1) What is the FPU enable state while executing a kernel thread in ARM
arch? Which of these answers is correct?
1a) the FPU is always disabled in kernel threads.
1b) the FPU might be enabled or disabled in a kernel thread, depending
on the FPU enable state of the userland context that executed before
and/or some other factors.
2) What would happen if a kernel thread executed an FPU instruction
without the kernel_XXX_begin'/'kernel_XXX_end' guards in ARM arch and
the FPU was disabled at the time?
2a) In the FPU trap the kernel would always detect the issue and panic
or oops or something.
2b) In the FPU trap the kernel might enable the FPU, load the FPU
context of some userland process and resume the kernel thread.
Of course an ISR should not touch the FPU at all. But what if it did?
3) What would happen if an ISR executed an FPU instruction in ARM arch
and the FPU was disabled in the context that was interrupted:
3a) In the FPU trap the kernel would always detect the issue and panic
or oops or something.
3b) In the FPU trap the kernel would react as if the interrupted context
executed the FPU instruction: If the interrupted context was user mode,
it would restore the userland process' FP context into the FPU. If the
interrupted context was kernel mode, it would react as per the answer to
question 2) above.
4) What would happen if an ISR executed an FPU instruction in ARM arch
and the FPU was enabled in the context that was interrupted:
4a) The processor would disable the FPU on ISR entry automatically and
thus the system would behave as described in the answer to question 3)
above.
4b) If the driver uses the standard kernel interrupt dispatch
architecture, the kernel would disable the FPU before dispatching the
interrupt to the driver ISR, and so the system would also behave as
described in 3).
4c) The FPU instruction would execute. There is no fail-fast or
detection of this kind of violation by the kernel.

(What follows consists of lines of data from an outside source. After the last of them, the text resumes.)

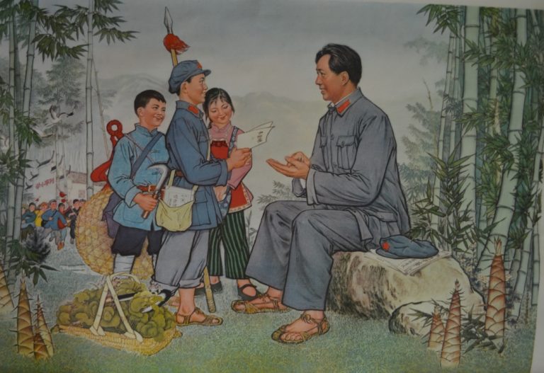 I spent a fabulous time in the PRC in 1979 as a consultant for a film crew. We were shooting an in-depth three hours documentary on the railroad network and this was the year I acquired my collection of political posters. In retrospect, I find the most interesting artifact is the one showing Chairman Mao Zedong saying in a paternalistic way to his protégé Hua Guofeng: “With you in charge, I’m at ease.” Other drawings eulogize the Canadian doctor Norman Bethune and the Communist Party.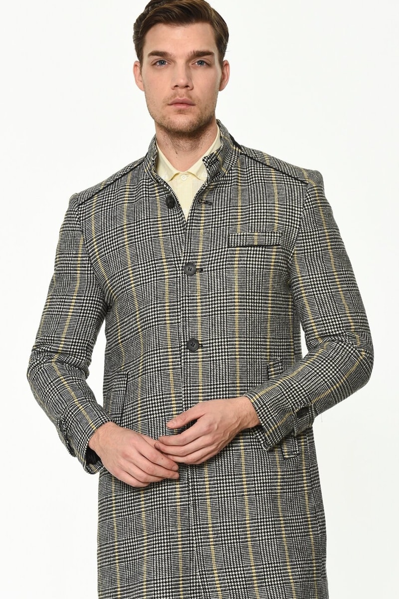 Sobretudo regular em misturada de mangas compridas.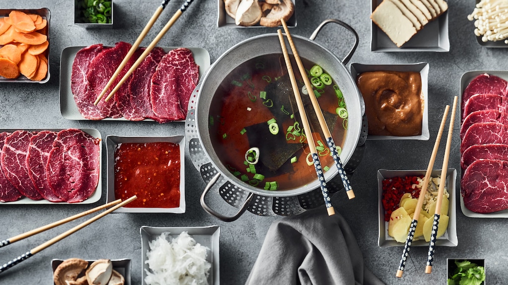 Übrigens: Auch für ein weiteres japanisches Hot-Pot-Gericht haben wir das passende Rezept. Anders als Shabu Shabu setzen Sie Sukiyaki mit Sojasoße an. So wird die Suppe dunkler und dicker. Außerdem wird das Fleisch vor Gemüse und Brühe zubereitet – und während Shabu Shabu auf Nudeln verzichtet, sind sie fester Bestandteil von traditionellen Sukiyaki-Rezepten.

Of course every pointer, idea, or suspicion that might seem relevant to
the case is welcome.
^ permalink raw reply [flat|nested] 20+ messages in thread
* FP register corruption in Exynos 4210 (Cortex-A9)
2014-10-08 8:19 ` Lanchon
@ 2014-10-08 8:27 ` Russell King - ARM Linux
2014-10-08 8:35 ` Russell King - ARM Linux
1 sibling, 0 replies; 20+ messages in thread
From: Russell King - ARM Linux @ 2014-10-08 8:27 UTC (permalink / raw)
To: linux-arm-kernel
On Wed, Oct 08, 2014 at 05:19:19AM -0300, Lanchon wrote:
>
> On 10/07/2014 07:44 PM, Russell King - ARM Linux wrote:
>> On Tue, Oct 07, 2014 at 07:35:14PM -0300, Lanchon wrote:
>>>> I hope this helps; I didn't answer your specific questions because it
>>>> seemed I would just end up repeating what I've said above.
>>>>
>>> actually no, answers to my very specific questions would help me
>>> understand this: if we had a close-source driver (ISR or kernel thread)
>>> that touched the FPU, how would the kernel react?
>> I already covered this. It would corrupt the VFP state, thereby
>> corrupting the VFP state which userspace sees.
>>
>> Hence why I said:
>>
>> Which means that the kernel itself must /never/ make use of floating
>> point itself - if it does, it /will/ corrupt the user state in the way
>> ^^^^^^^^^^^^^^^^^^^^^^^^^^^^^^^^^^^^^^^^^^^^^^^^^^^^^^^
>> you are seeing.
>> ^^^^^^^^^^^^^^^
>>
>> How can I make that more clear?
>
> no, actually you did not answer my questions. you stated that the end
> result would be corruption of user FP state, which i already know. i am
> inquiring as to *how* the process of corruption comes about exactly, not
> the end result.
It is really /very/ simple.
1. ISR changes VFP registers.
2. Userspace sees changed VFP registers.
3. Userspace state is corrupted.
For some reason, you think that there's more going on here than that.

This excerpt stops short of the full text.